TASK GOAL —
Write the listing below out again word for word, without a single picture.

····················

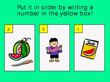 something in order. We use words such as first, next, and last to help us when we are putting things in order. We can also use numbers (1, 2, 3) to
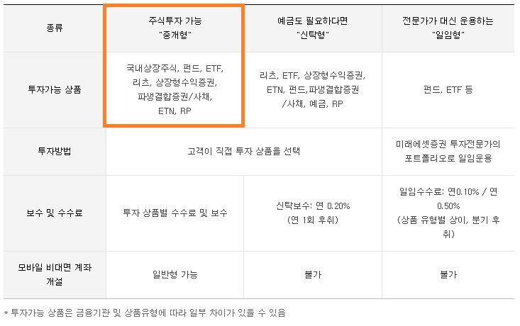 ▶가장 중요한 것은 국내 주식에 투자가 가능하다는 것입니다. 국내 증시에 상장된 주식과 ETF만 가능합니다. 미국에 상장된 주식이나 ETF에는 투자할 수 없습니다. 하지만 국내에 상장되어 미국 지수를 추종하는 ETF는 투자 가능합니다. 예를 들면 TIGER 나스닥 100, KODEX미국 S&P500등입니다. 요즘 미국에 상장된 주식이나 ETF에 투자하는 분들이 많아 아쉬워하는 부분이기도 합니다.
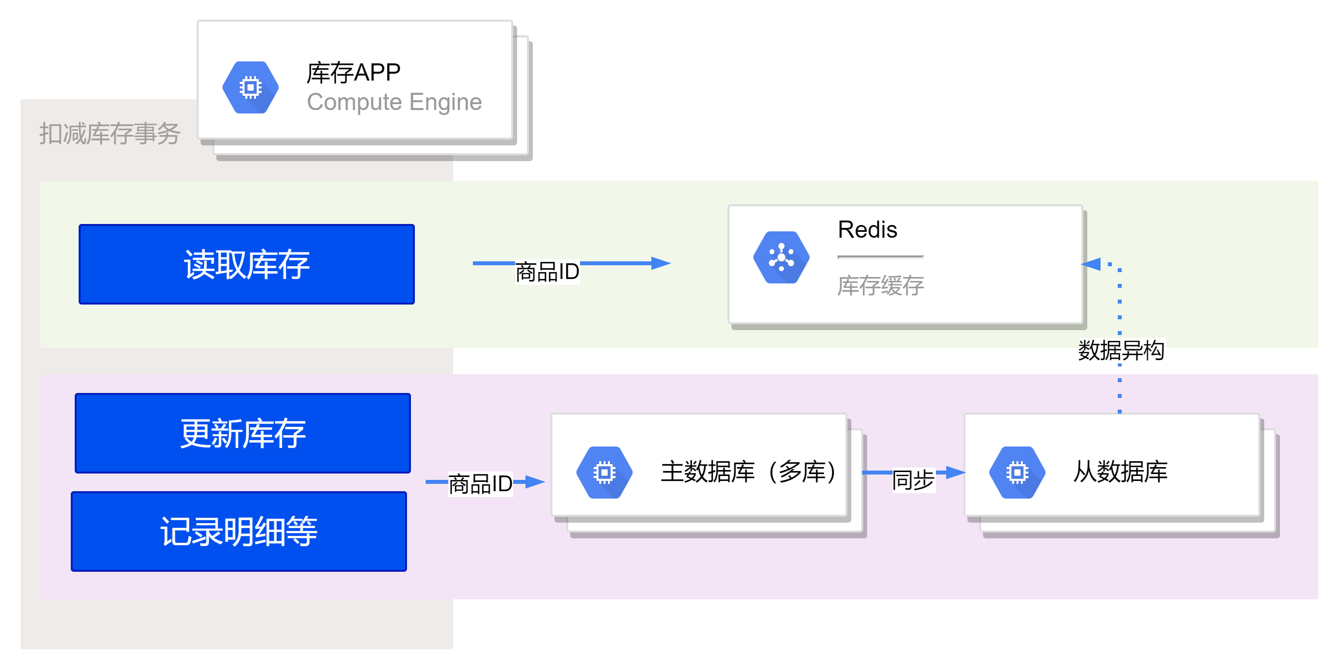 在更大规模,针对单一商品的超高并发扣减的库存集群中,可能基于数据库内核的改造优化还无法满足业务需求。单一商品的超高并发扣减可能会影响到同一数据库实例上的其他商品扣减,同一个数据库实例上也可能存在多个热点商品造成互相影响,这时就考虑引入基于缓存的分桶扣减方案。
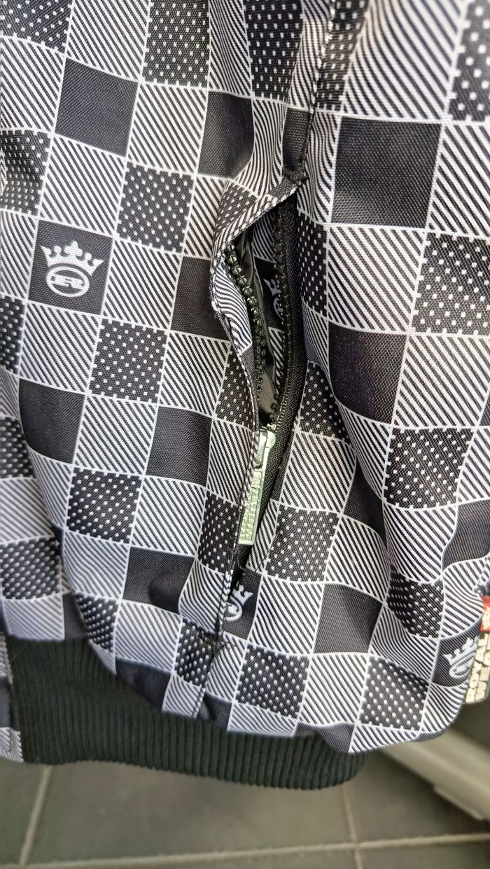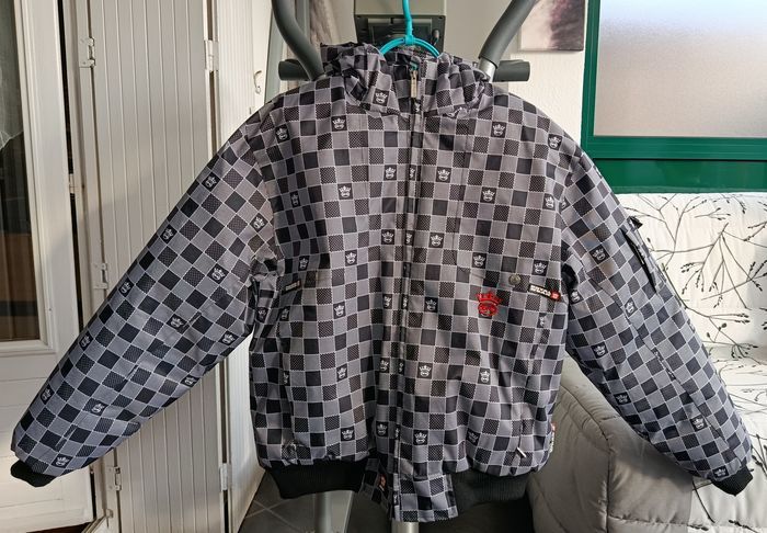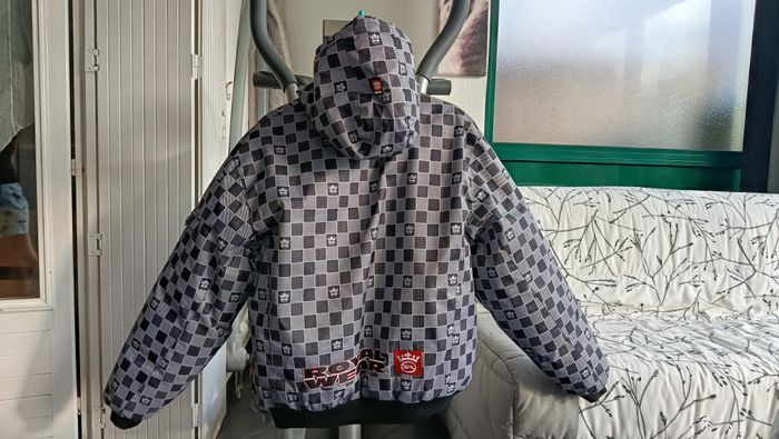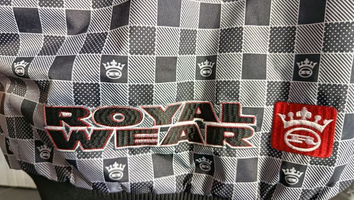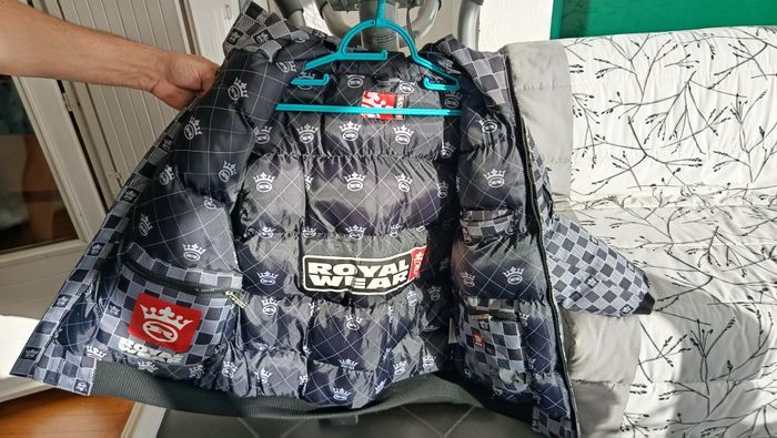 Blouson Royal Wear. Gris et noir. Taille L. Marque emblématique des années 2000. Pièce vintage, introuvable, de très grande qualité. Malgré ces presque 25 ans, l'article est d'une qualité et d'un état irréprochable. Très épais et chaud, hyper imperméable. Capuche, 2 poches sur les côtés avec zip, 1 poche bras gauche, 3 poches intérieures. Mesures: épaules: 54cm, largeur(aisselles): 61cm, longueur: 68cm
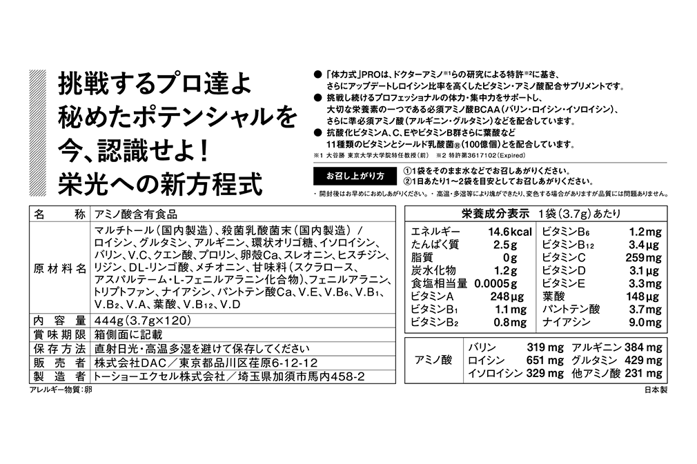 • "PHYSICAL POWER" PRO is a vitamin / amino acid supplement based on the patent * 2 researched by Dr. Amino * 1 and others, and has been further updated to increase the leucine ratio.
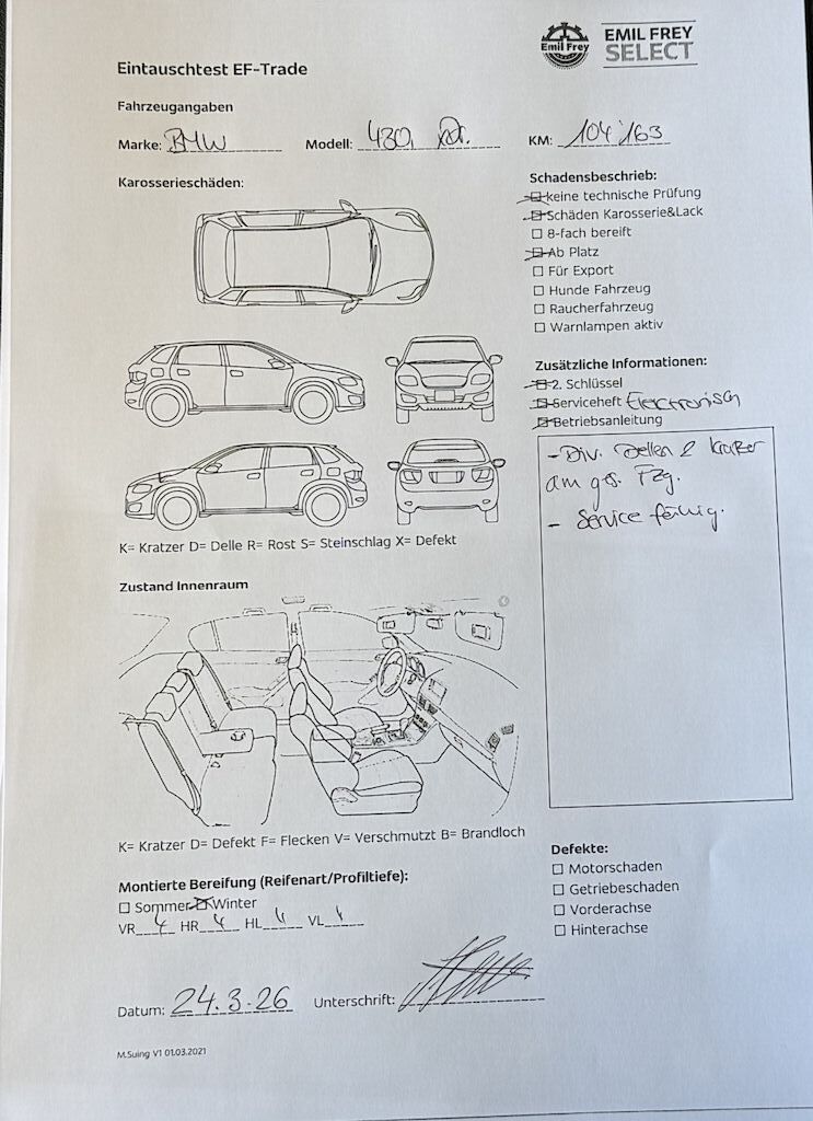 Keine Gewähr auf die Angaben der Sonder- und Serienausstattung / keine mechanische Prüfung. Fahrzeug wurde unzerlegt expertisiert / keine Haftung für allfällige, nach Demontage bekanntwerdenden Mängel. Fahrzeugbereifung und Ausstattung gemäss Fotos / Fahrzeugkauf auf eigenes Risiko ab Platz ohne Nachwährschaft- Div. Dellen und Kratzer am gesamten Fahrzeug.- Service fällig.

····················

TASK RESULT —
 something in order. We use words such as first, next, and last to help us when we are putting things in order. We can also use numbers (1, 2, 3) to
 ▶가장 중요한 것은 국내 주식에 투자가 가능하다는 것입니다. 국내 증시에 상장된 주식과 ETF만 가능합니다. 미국에 상장된 주식이나 ETF에는 투자할 수 없습니다. 하지만 국내에 상장되어 미국 지수를 추종하는 ETF는 투자 가능합니다. 예를 들면 TIGER 나스닥 100, KODEX미국 S&P500등입니다. 요즘 미국에 상장된 주식이나 ETF에 투자하는 분들이 많아 아쉬워하는 부분이기도 합니다.
 在更大规模,针对单一商品的超高并发扣减的库存集群中,可能基于数据库内核的改造优化还无法满足业务需求。单一商品的超高并发扣减可能会影响到同一数据库实例上的其他商品扣减,同一个数据库实例上也可能存在多个热点商品造成互相影响,这时就考虑引入基于缓存的分桶扣减方案。
 Blouson Royal Wear. Gris et noir. Taille L. Marque emblématique des années 2000. Pièce vintage, introuvable, de très grande qualité. Malgré ces presque 25 ans, l'article est d'une qualité et d'un état irréprochable. Très épais et chaud, hyper imperméable. Capuche, 2 poches sur les côtés avec zip, 1 poche bras gauche, 3 poches intérieures. Mesures: épaules: 54cm, largeur(aisselles): 61cm, longueur: 68cm
 • "PHYSICAL POWER" PRO is a vitamin / amino acid supplement based on the patent * 2 researched by Dr. Amino * 1 and others, and has been further updated to increase the leucine ratio.
 Keine Gewähr auf die Angaben der Sonder- und Serienausstattung / keine mechanische Prüfung. Fahrzeug wurde unzerlegt expertisiert / keine Haftung für allfällige, nach Demontage bekanntwerdenden Mängel. Fahrzeugbereifung und Ausstattung gemäss Fotos / Fahrzeugkauf auf eigenes Risiko ab Platz ohne Nachwährschaft- Div. Dellen und Kratzer am gesamten Fahrzeug.- Service fällig.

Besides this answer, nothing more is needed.